What is required:
Copy exactly the line containing "close and open." and all the lines that follow it to the end of the records, minus the pictures.

Provided records:
────────────────────

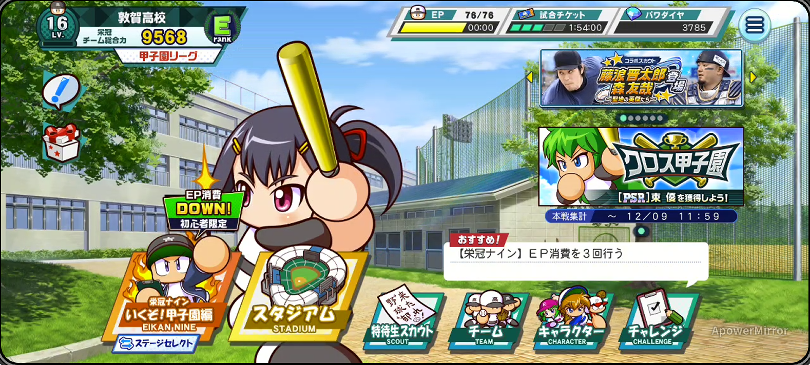先週から昨日まで嬉しい出来事が色々ありましたから、今回はそれをピックアップして書いていきますね。まずは、先週の22日に終わった大相撲秋場所(9月場所)は関脇の大の里が千秋楽に敗れて13勝2敗でしたが、優勝して場所後に大関昇進やりましたね。現時点ではまだ大銀杏(おおいちょう)が結えない大関となりました。大の里は幕下10枚目格、付け出しの初土俵からわずか所要9場所での記録は最速になりますなぁ。昇進前の3場所のうち2場所で優勝したのは90年ぶりになるそうです。もう横綱の照ノ富士はそう長くないでしょう。早く横綱まで駆け上がってほしいもんですねぇ。そしてメジャーリーグの大谷選手、自分が希望していた本塁打50本、盗塁50個を見事に達成してくれました。一昨日にはドジャーズが地区優勝を決めて3年連続です。というよりも2013年から2020年まで8年連続の地区優勝ですから、2021年の2位以外今年までの12年間で11回の優勝を果たしている強豪チームです。大谷選手はここに移籍できて、念願のメジャーリーグでのシャンパンファイトも経験することが出来て感無量でしょうなぁ。そして昨日には57個目の盗塁を決めて、イチロー氏の盗塁記録56個を抜いて日本人選手のトップになりました。昨日の試合では54号本塁打を含む5打数4安打4打点。打率が3割9厘まで上げて、3冠王が現実味を帯びてきましたねぇ。ただ残り2試合、監督は出場させることを明言しているし、ホームランが出やすい球場なので、最後まで突っ走ってもらいたいもんですなぁ。三冠王取れたら最高です。実況パワフルプロ野球栄冠ナインクロスロードは、評価を上げるのに苦労してます。評価を上げるには甲子園出場の常連校になるのが近道だと思っているんですが、ここ最近では春と夏、どちらも甲子園に出れてはいません。そこで上記の画像は、PSRの選手を獲得出来たという証明を見てもらうために画像をキャプションです。現在は5年目か6年目の12月で、次の年に甲子園に出場するために練習しています。では
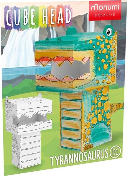 Cube head. Dino. Tyranozaur. Złóż i pokoloruj
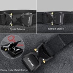 ★【QUICK RELEASE】– Intuitive and smooth quick release functionality when you push the golden tabs down at the same time. If just one tab is engaged, the connection will still hold and fully re-lock on its own.Once tightened the belt does not slip, stays in place, comfortable, and is easy to close and open.
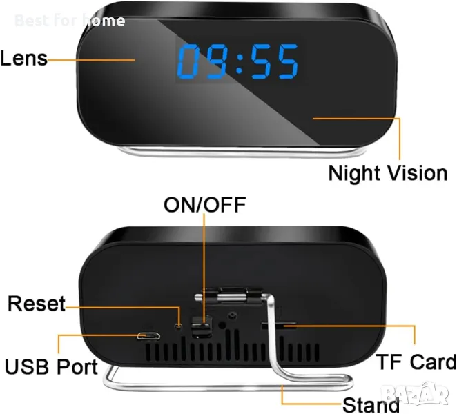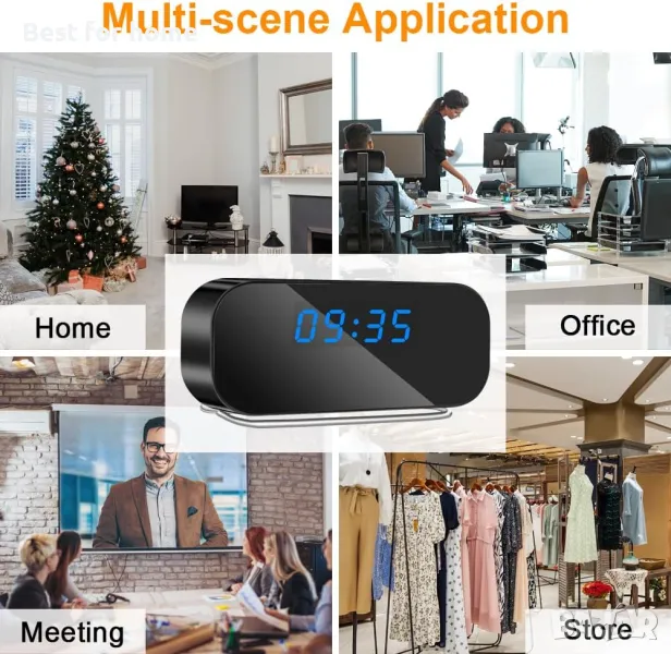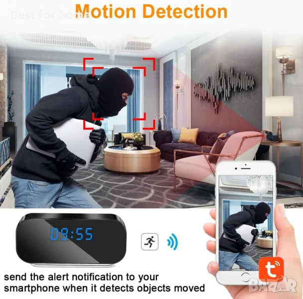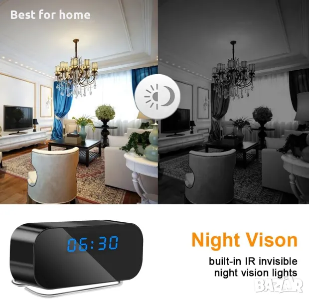 【Умен часовник】Гъвкава шпионска камера с компактен HD обектив за ясен 1080P HD видео поток през 2,4 GHz или 5 GHz Wi-Fi в приложението. Усъвършенстваната функция за нощно виждане гарантира яснота дори в най-тъмната среда. Бъдете нащрек с откриване на движение, получавайки незабавни сигнали и моментни снимки от това смарт устройство
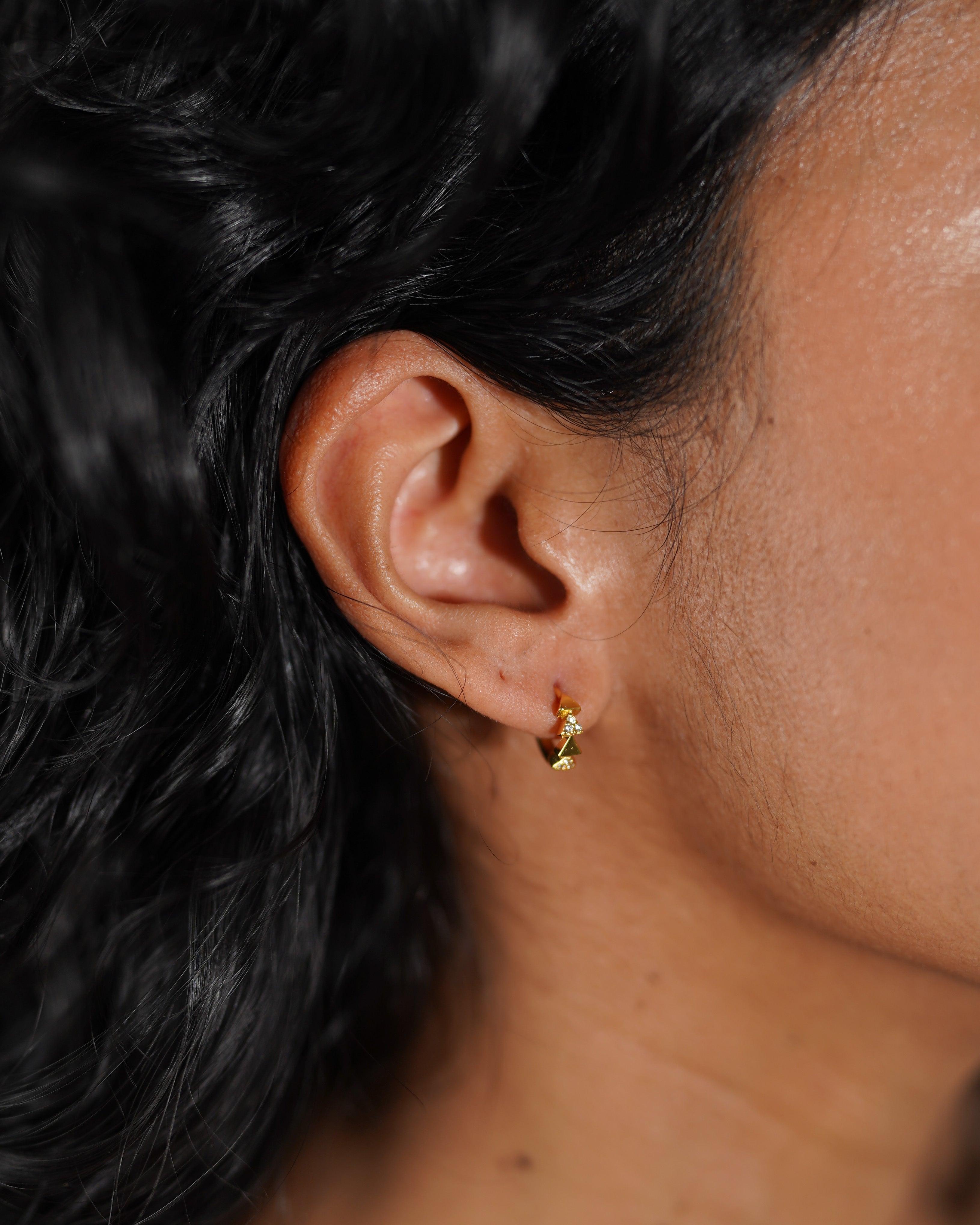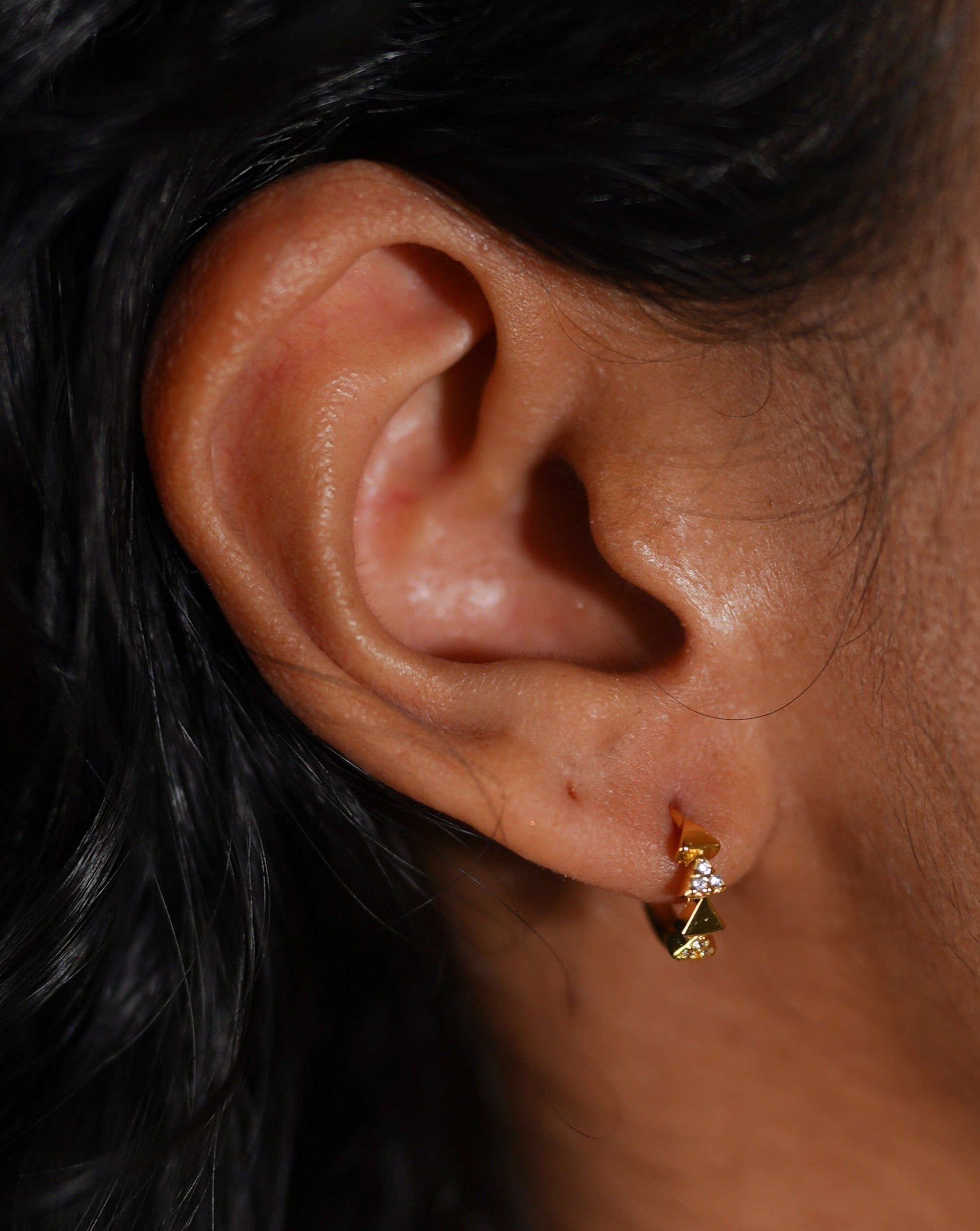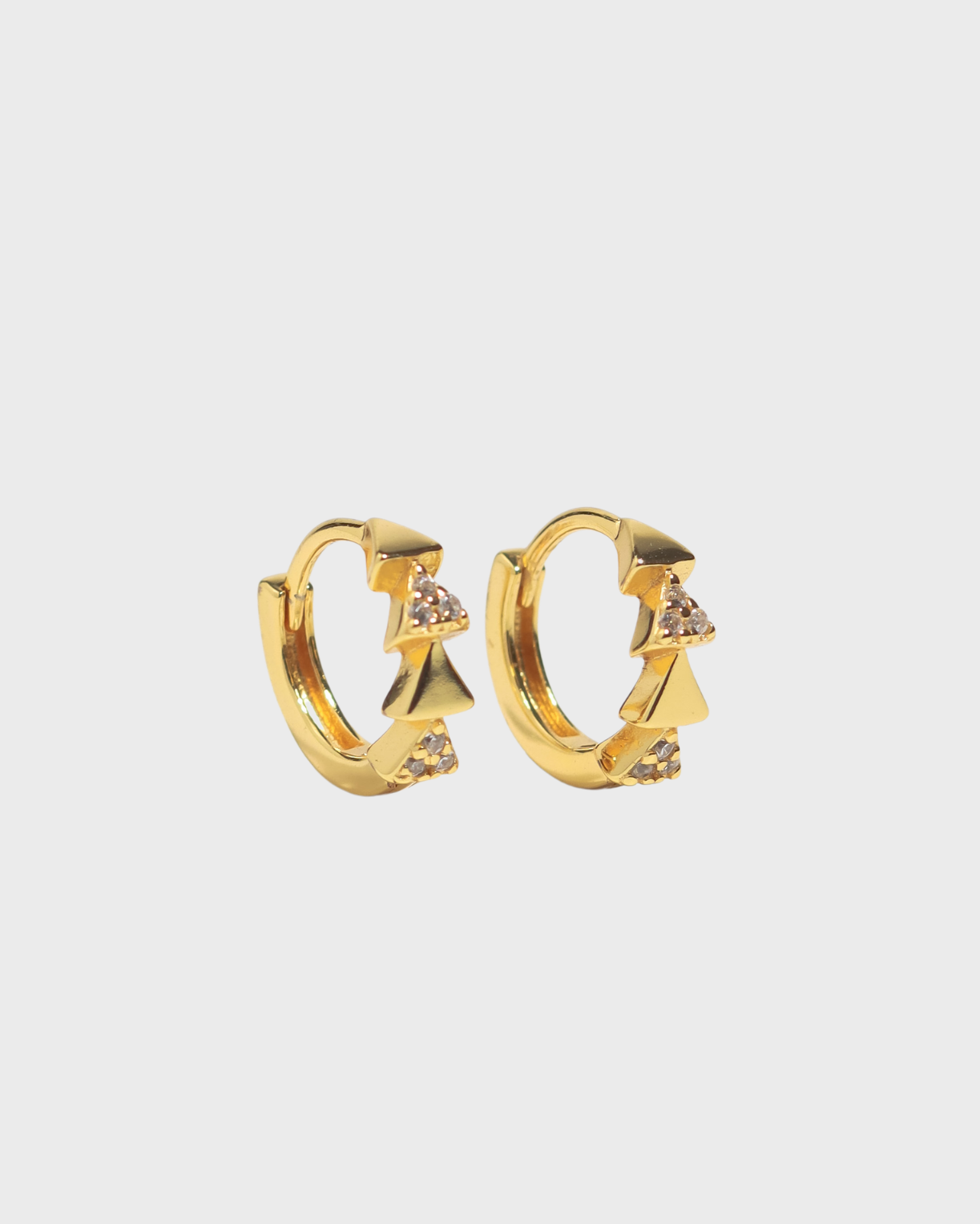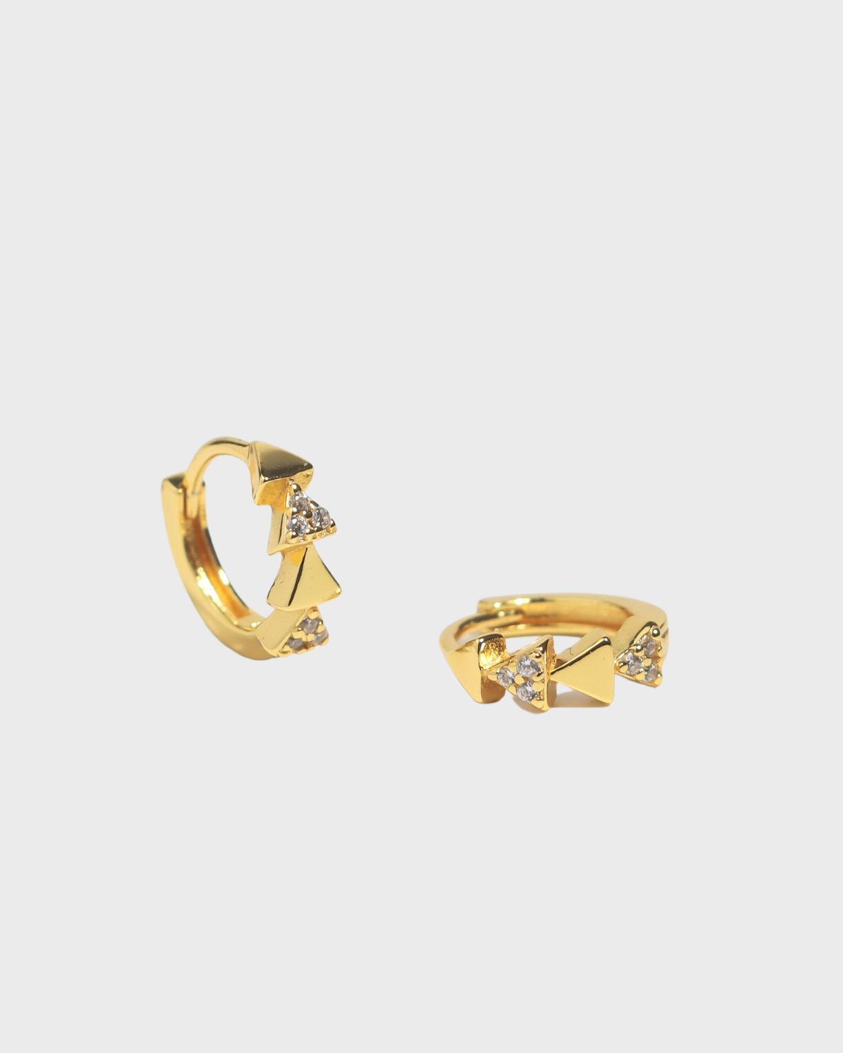Add to a sharp look with our Petite Quartet Huggies. Triangular in form, these huggies feature mini pyramids layered in a vertical line.

────────────────────

Solution to the exercise:
 ★【QUICK RELEASE】– Intuitive and smooth quick release functionality when you push the golden tabs down at the same time. If just one tab is engaged, the connection will still hold and fully re-lock on its own.Once tightened the belt does not slip, stays in place, comfortable, and is easy to close and open.
 【Умен часовник】Гъвкава шпионска камера с компактен HD обектив за ясен 1080P HD видео поток през 2,4 GHz или 5 GHz Wi-Fi в приложението. Усъвършенстваната функция за нощно виждане гарантира яснота дори в най-тъмната среда. Бъдете нащрек с откриване на движение, получавайки незабавни сигнали и моментни снимки от това смарт устройство
Add to a sharp look with our Petite Quartet Huggies. Triangular in form, these huggies feature mini pyramids layered in a vertical line.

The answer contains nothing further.